Item 1.01. Entry into a Material Definitive Agreement.
On August 6, 2018, Inseego Corp. (the “Company”) entered into a Securities Purchase Agreement (the “Purchase Agreement”) with two accredited investors (collectively, the “Investors”) pursuant to which, among other things, the Company issued and sold to the Investors, in a private placement transaction (the “Private Placement”), an aggregate of 12,062,000 immediately separable units (the “Units”), with each Unit consisting of (i) one share (each, a “Share” and, collectively, the “Shares”) of the Company’s common stock, par value $0.001 per share (the “Common Stock”), and (ii) a warrant (each a “Warrant” and, collectively, the “Warrants”) to acquire 0.35 of a share of Common Stock (subject to adjustment for stock splits, reverse stock splits, stock dividends and similar transactions) (each, a “Warrant Share” and, collectively, the “Warrant Shares”), for a purchase price of $1.63 per Unit, resulting in aggregate gross proceeds to the Company of approximately $19.7 million, comprised of approximately $14.8 million from Investor Golden Harbor Ltd., an affiliate of Tavistock Group, and approximately $4.9 million from Investor North Sound Trading, L.P.
Each Warrant has an exercise price of $2.52 per share of Common Stock, subject to adjustment for stock splits, reverse stock splits, stock dividends and similar transactions, will be exercisable at any time on or after February 6, 2019, and will expire on August 6, 2023. Each Warrant will be exercisable on a cash basis unless, at the time of such exercise, the Warrant Shares underlying such Warrant cannot be immediately resold pursuant to an effective registration statement or Rule 144 of the Securities Act of 1933, as amended (the “Securities Act”) without volume or manner of sale restrictions, in which case such Warrant shall also be exercisable on a cashless exercise basis.
Pursuant to the terms of the Purchase Agreement, each Investor will be entitled to designate one member of the Company’s board of directors (the “Board”). In addition, if at any time subsequent to the Closing Date, Golden Harbor Ltd. notifies the Company that it beneficially owns an aggregate of at least 20% of the then-issued and outstanding Common Stock and wishes to designate an additional member of the Board, then: (i) the Board shall increase the number of seats on the Board to equal seven, and (ii) (A) if the Board is then comprised of 6 members, the Board shall fill the newly created vacancy by appointing the additional designee selected by Golden Harbor, Ltd.; and (B) if the Board is then comprised of 5 members, the Board shall (1) fill one newly created vacancy by appointing the additional designee selected by Golden Harbor Ltd.; and (2) fill the remaining vacancy by appointing an independent director candidate selected by the Board.
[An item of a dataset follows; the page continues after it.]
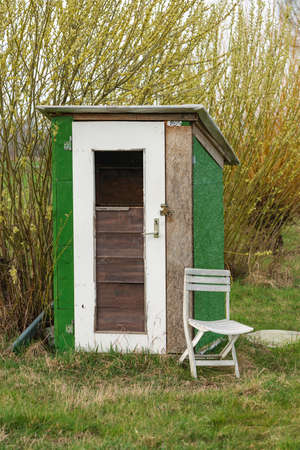 Wooden toilet in the forest. Toilet with a white closed door near trees on green grass.

If, at any time, either Investor ceases to hold at least 5% of the then-outstanding Common Stock of the Company, such Investor shall no longer be entitled to designate any members of the Board.
The Purchase Agreement contains customary representations and warranties of the Company and the Investors. In addition, the Warrants contain covenants that are customary for transactions of this type.
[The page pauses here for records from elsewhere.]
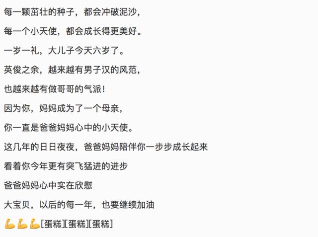 在文案中,杜星霖感谢孩子让自己成为一个母亲。她说:爸爸妈妈陪伴着你成长,今年更有突飞猛进的进步,欣慰之余并祝愿以后的每一年,都要继续加油。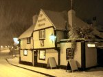 | Running Horse, Bridge Street, Leatherhead as evening snow falls...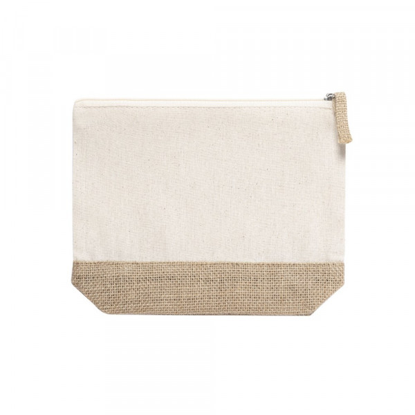 Natur Line Kosmetiktasche aus einer Kombination von laminierter Jute und natürlicher Baumwolle. Mit Reißverschluss und passendem Jutegriff.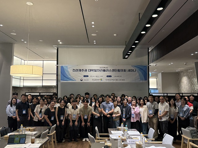 (전북=NSP통신) 김광석 기자 = 전주대학교(총장 박진배) 대학일자리플러스센터는 한국고용정보원, 전라제주권 대학일자리플러스센터를 운영하고 있는 14개 대학과 함께 11~12일 양일간 전주 신라스테이호텔에서 ‘2025년 전라제주권 대학일자리플러스센터협의회’를 개최했다고 밝혔다.

In connection with the Private Placement, the Company and the Investors entered into a Registration Rights Agreement (the “Registration Rights Agreement”) pursuant to which, among other things, the Company agreed to prepare and file a registration statement with the Securities and Exchange Commission (the “SEC”) for the purpose of registering all of the registrable securities covered thereby for resale by no later than November 2, 2018.
In connection with the Private Placement, on August 6, 2018, the Company entered into an amendment (the “Rights Plan Amendment”) to that certain Rights Agreement, dated January 22, 2018, between the Company and Computershare Trust Company, N.A., as rights agent (the “Rights Plan”), for the purpose of modifying the definition of “Grandfathered Stockholder” under the Rights Plan to include each of the Investors, thereby excluding them from the definition of “Acquiring Person” under the Rights Plan for so long as they do not acquire, after the date of the Rights Plan Amendment, beneficial ownership of Company securities (other than as a result of any adjustment provision or the accrual of interest under any outstanding convertible notes) equal to more than 0.50% of the then-outstanding Common Stock.
Also on August 6, 2018, the Company entered into an amendment (the “IRA Amendment”) to that certain Investors’ Rights Agreement, dated September 8, 2014, between HC2 Holdings 2, Inc. (“HC2”) and the Company (the “IRA”). As a condition to the Investors’ willingness to enter into the Purchase Agreement and consummate the Private Placement, HC2 agreed to amend the IRA to eliminate its board observation and nomination rights.
The foregoing summaries of the Purchase Agreement, the Warrants, the Registration Rights Agreement, the Rights Plan Amendment and the IRA Amendment do not purport to be complete and are qualified in their entirety by reference to the copies of the Purchase Agreement, the Warrants, the Registration Rights Agreement, the Rights Plan Amendment and the IRA Amendment that are filed as exhibits to this Current Report on Form8-K.